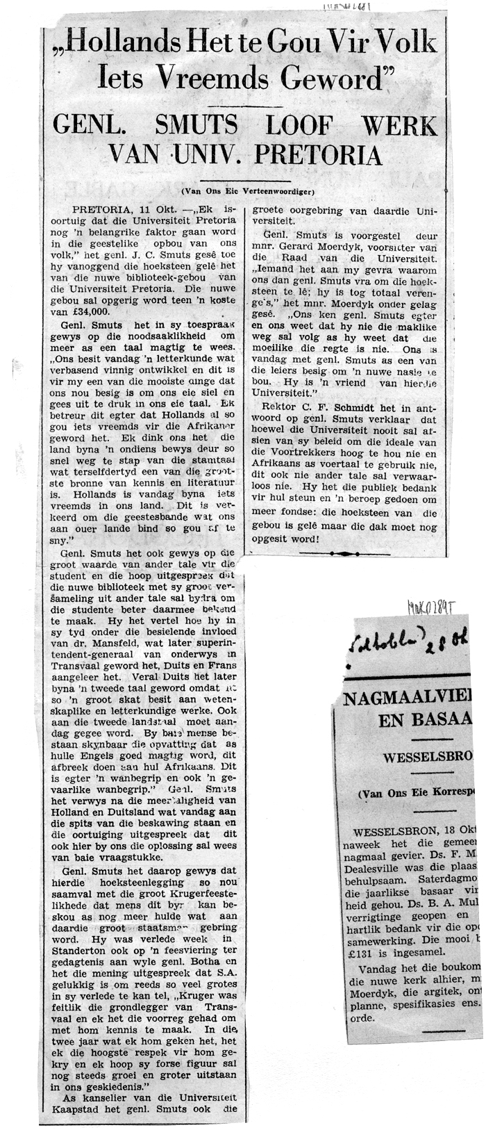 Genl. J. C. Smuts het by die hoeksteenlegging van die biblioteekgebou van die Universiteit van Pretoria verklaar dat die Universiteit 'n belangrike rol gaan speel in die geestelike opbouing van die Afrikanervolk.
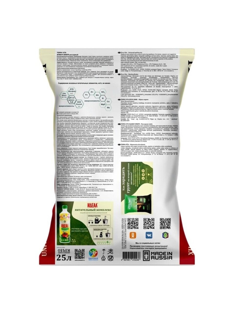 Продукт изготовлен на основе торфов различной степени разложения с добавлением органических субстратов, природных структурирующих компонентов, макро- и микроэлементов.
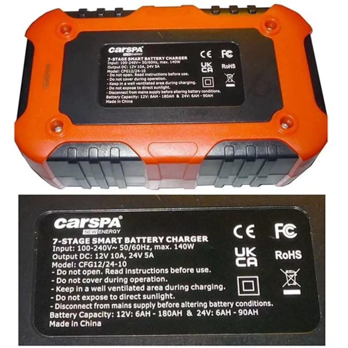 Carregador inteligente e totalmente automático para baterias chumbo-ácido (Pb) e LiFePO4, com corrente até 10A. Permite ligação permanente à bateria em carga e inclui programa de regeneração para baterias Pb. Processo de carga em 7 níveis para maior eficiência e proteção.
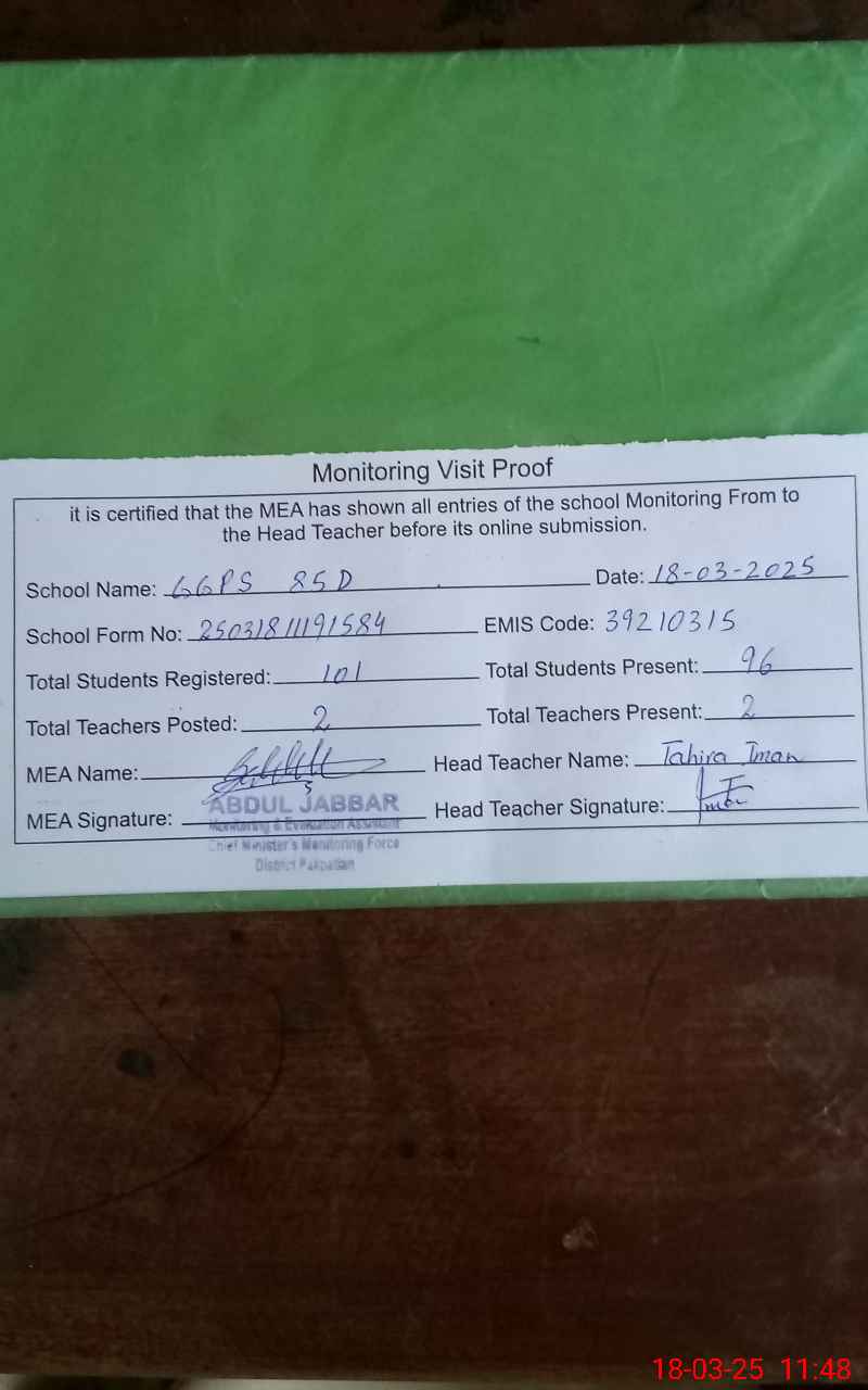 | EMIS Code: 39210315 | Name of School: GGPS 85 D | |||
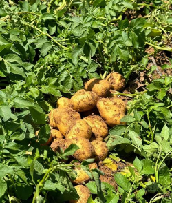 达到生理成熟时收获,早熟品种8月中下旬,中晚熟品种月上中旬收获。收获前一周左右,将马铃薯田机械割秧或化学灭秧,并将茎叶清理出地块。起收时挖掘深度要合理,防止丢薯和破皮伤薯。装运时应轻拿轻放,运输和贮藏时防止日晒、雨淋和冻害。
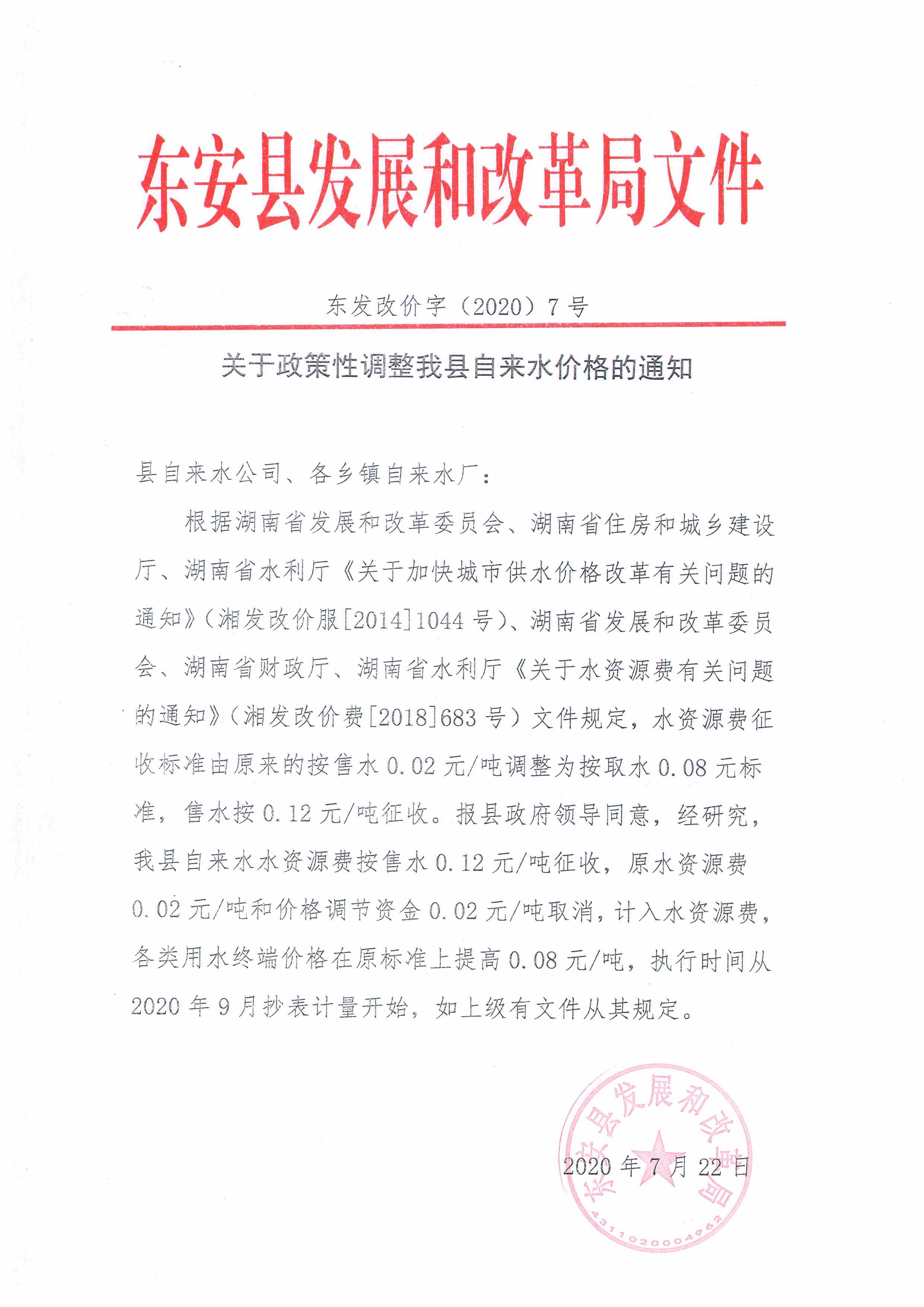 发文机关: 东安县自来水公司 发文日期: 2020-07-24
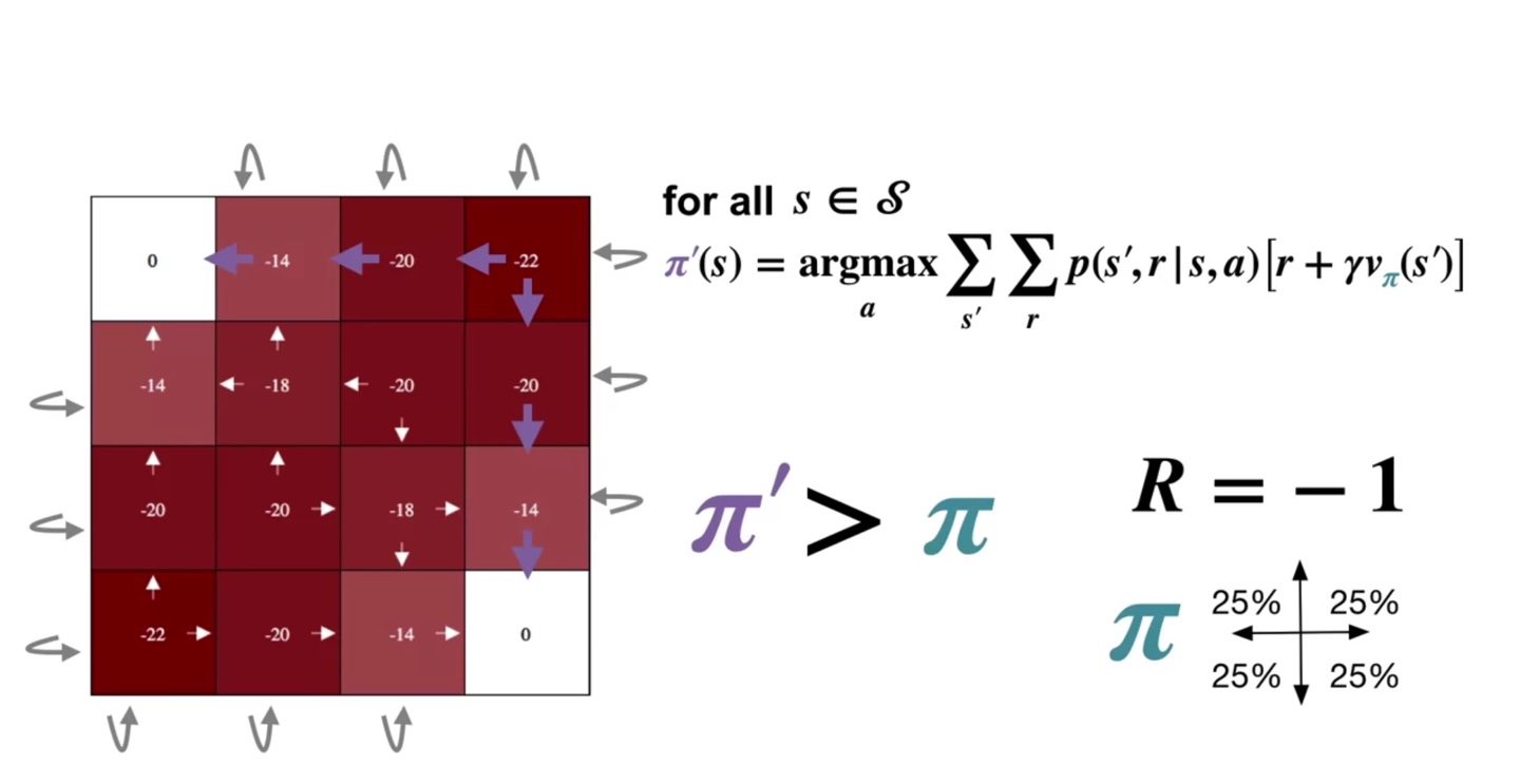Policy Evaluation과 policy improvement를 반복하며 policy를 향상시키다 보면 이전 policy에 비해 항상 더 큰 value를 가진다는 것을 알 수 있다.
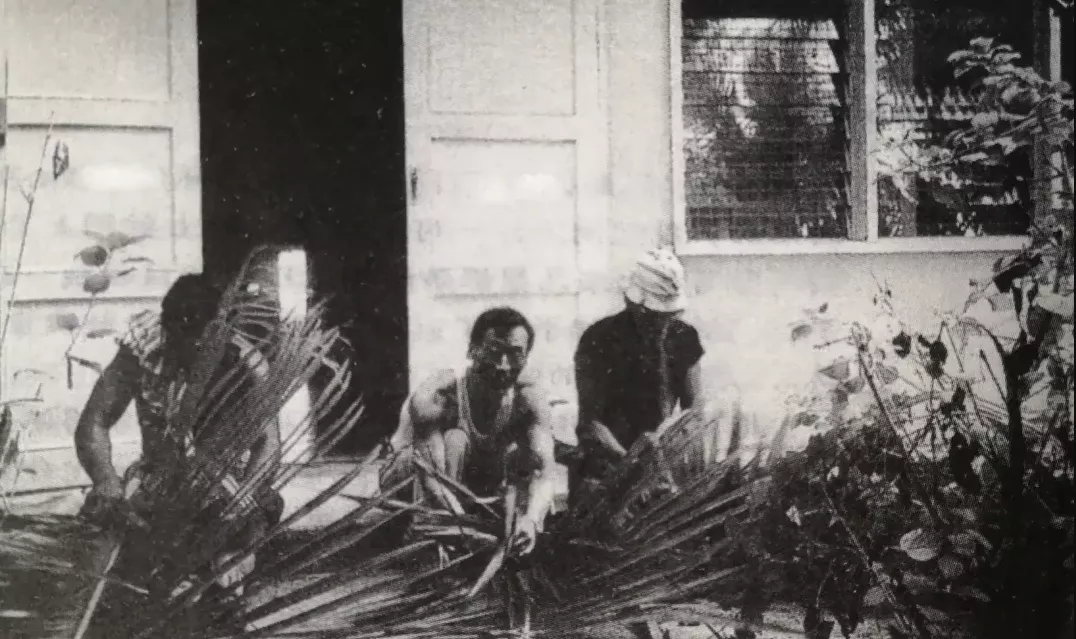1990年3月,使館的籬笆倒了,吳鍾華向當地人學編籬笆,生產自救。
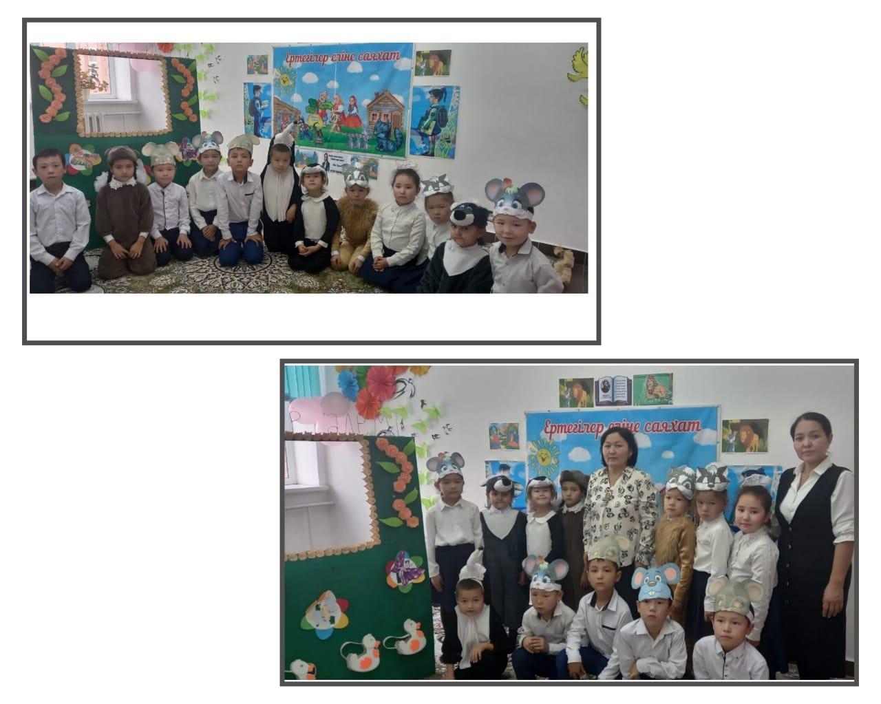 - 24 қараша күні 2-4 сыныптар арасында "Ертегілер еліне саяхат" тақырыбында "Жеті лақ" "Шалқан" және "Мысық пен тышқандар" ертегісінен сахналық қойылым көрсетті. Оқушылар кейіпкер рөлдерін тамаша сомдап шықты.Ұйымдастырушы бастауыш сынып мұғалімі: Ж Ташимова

*Problem to solve*
Beginning with the line containing "1990年3月,使館的籬笆倒了,吳鍾華向當地人學編籬笆,生產自救。" and ending with the last line of the material, output each line exactly; do not include pictures.

*Result for this exercise*
1990年3月,使館的籬笆倒了,吳鍾華向當地人學編籬笆,生產自救。
 - 24 қараша күні 2-4 сыныптар арасында "Ертегілер еліне саяхат" тақырыбында "Жеті лақ" "Шалқан" және "Мысық пен тышқандар" ертегісінен сахналық қойылым көрсетті. Оқушылар кейіпкер рөлдерін тамаша сомдап шықты.Ұйымдастырушы бастауыш сынып мұғалімі: Ж Ташимова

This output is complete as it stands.